The news out of Washington has compounded residents' frustration:

_President Bush opposes a bill to allow government buyout of some destroyed homes, a plan designed to help residents recover equity from their houses and avoid foreclosure on their mortgaged ruins. Many of the early rebuilding proposals were predicated on buyouts.

_The federal government has not committed to the costly demand that levees, which protect the low-lying city, be rebuilt to withstand a Category 5 hurricane — the most brutal kind. The existing system was largely expected to hold against a Category 3 storm, but Katrina, a strong Category 3 with winds at 125 mph, sent water through the flood walls and into neighborhoods.

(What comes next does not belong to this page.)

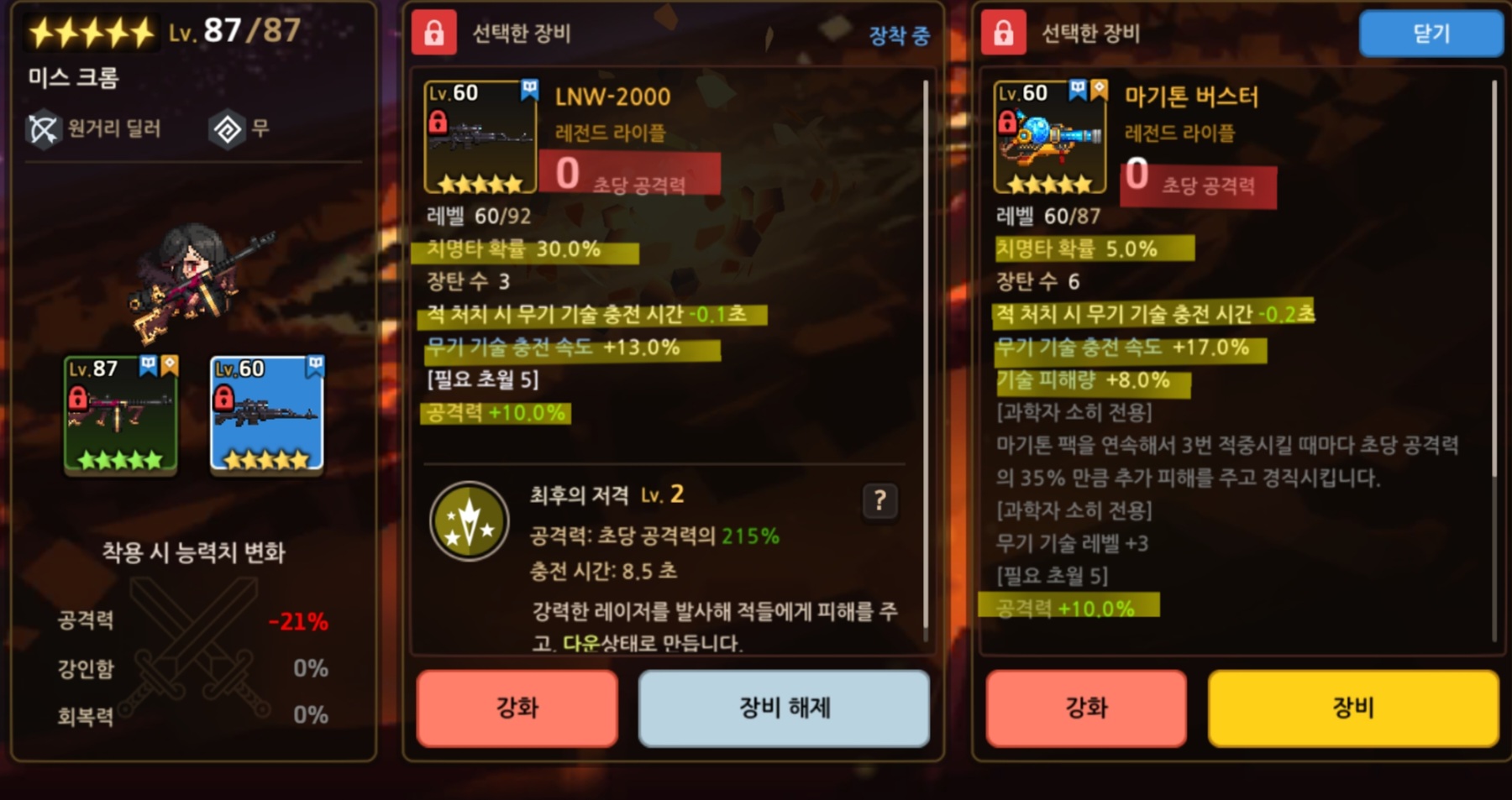 미스 크롬 LWN 치명타 100% 세팅

Many residents and officials say rebuilding plans won't save the city without commitments on levee reinforcement, especially as another hurricane season approaches.

"They have to worry about making the levees safe," said Merrill Rye, a 65-year-old native of the city. "Forget about the rest. We'll do without."

_Congress approved $29 billion in aid for Louisiana and Mississippi before Christmas — but only after lawmakers from those states stamped their feet.

Congress has been reluctant to be diverted from plans for domestic tax cuts and funding for the Iraq war, said Sen. Mary Landrieu, a Louisiana Democrat who told fellow senators she would prevent them from going home for the holidays if there was no action on the damaged levees.

Rebuilding from Katrina, Landrieu said, is "a tar baby."

"They want to just get rid of it," she said. "They can't."

_Bush's State of the Union address, which some local residents hoped would include plans for rebuilding their beleaguered city, focused heavily on Iraq. Only about 160 words of the 5,300 words the president uttered on Jan. 31 were about the Gulf Coast.

For all their frustration with government officials, most New Orleanians say they've been touched by the generosity of their fellow Americans. The American Red Cross' hurricane relief fund collected $2.1 billion, the most ever for a disaster.

Beyond the donations, countless volunteers have descended on the region — cleaning, providing medical care or handing out meals to overwhelmed families.

One group cut up Stelljes' 60-foot pecan tree, downed by the winds.

"I had never seen them before," she said. "I took a picture of them for my scrapbook."

Fisk, whose family evacuated to Hillside, N.J., still tears up months later when he recounts an encounter at a tiny pizza parlor there. A sign at the restaurant's counter said patrons had donated $1,265 for the victims of Hurricane Katrina — an amount matched by the owner even though no one had a connection to the Gulf Coast.

"The American people have hearts of gold," Fisk said.

But hearts of gold do not speed cash flow. Fisk managed to get some insurance money for repairs but waited months for his lender to process the checks. Money his insurance company sent him for his car, crushed by a falling tree, got lost in the mail; postal deliveries have been intermittent and slow since the storm.

This kind of frustration extends across all races, Fisk said.

"Black, white, yellow, brown," he said, "we're all in the midst of disaster."